VON GEORG ANASTASIADIS
Es ist nur ein gutes halbes Jahr her, da übernahm Friedrich Merz die zerstörteste CDU aller Zeiten. Dass er die Ampel-Regierung am Wochenende schon wieder als „schwächste Bundesregierung aller Zeiten“ geißeln durfte, ohne eine dicke Lippe zu riskieren, zeigt, wie sehr sich die Union unter seiner Führung gefangen und Gräben zugeschüttet hat. Der konservative Merz hat sich nicht die Liebe der Merkel-Mitte in der CDU erworben, aber ihren Respekt. Das ist gut. Eine starke Demokratie braucht eine starke Opposition.
Auf dem Parteitag in Hannover krönte der Spätberufene sein Versöhnungswerk, indem er die im konservativen Flügel unpopuläre Frauenquote durchsetzte. Die neue Rolle als Reservekanzler zwingt den alten Wirtschaftsliberalen in die Mitte der Union. Sein Kollege Markus Söder von der CSU hieße nicht Söder, hätte er nicht die Marktlücke erkannt – und besetzt. Söders grüne Phase ist vorbei, erkennbar an seinem mit giftigen Angriffen auf die Grünen und deren Gesellschaftsbild gespickten Parteitags-Gastspiel.
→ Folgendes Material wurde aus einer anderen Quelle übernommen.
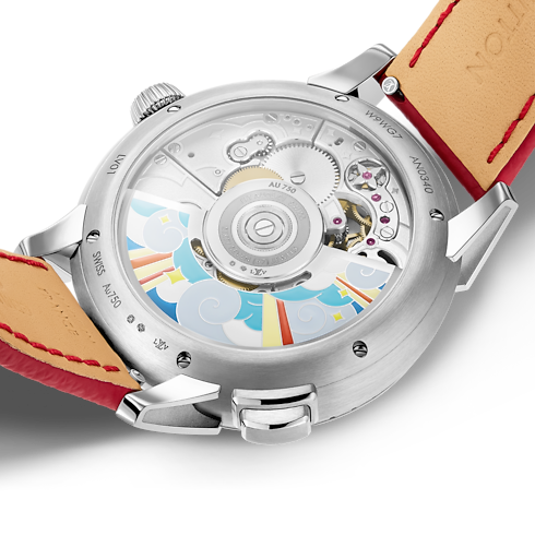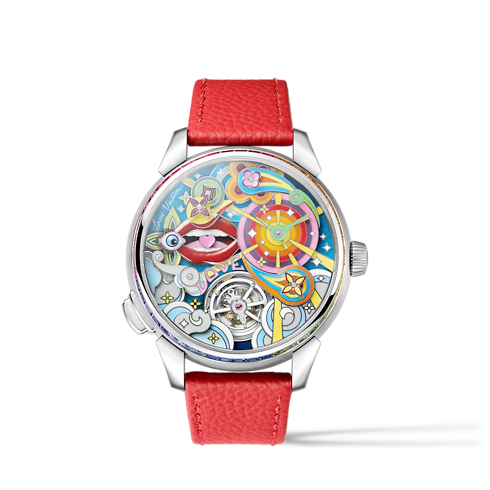 O relógio Tambour Taiko Arty Automata 42mm em ouro branco 18K convida a uma trajetória sensorial e surreal. Ao pressionar um botão, o mostrador dá início a um espetáculo colorido com sete animações. O mecanismo Automata é impulsionado por um calibre automático desenvolvido e manufaturado internamente pela La Fabrique du Temps Louis Vuitton, enquanto o espírito inovador da La Fabrique des Arts ganha vida em um espetáculo extraordinário no mostrador, realizado pela técnica de esmaltação Grand Feu.

Söders Rede glich eher einem Bierzelt-Auftritt, von denen er in Bayern zuletzt ja etliche absolviert hatte. Er streichelte die konservative Unionsseele, wetterte gegen das Gendern, die Antidiskriminierungsbeauftragte und die linke Cancel Culture. Manchen CDU-Delegierten war der neue Söder-Sound zu deftig, einige haben ihm seine Rolle bei der Demontage Laschets nicht verziehen, und manche rieben sich die Augen ob der erneuten Wandlung des selbst erklärten Ober-Merkelianers. Aber der CSU-Chef lieferte einige interessante Fingerzeige auf den bayerischen Landtagswahlkampf. Söder hat ihn am Wochenende eröffnet. Er dürfte hitzig werden.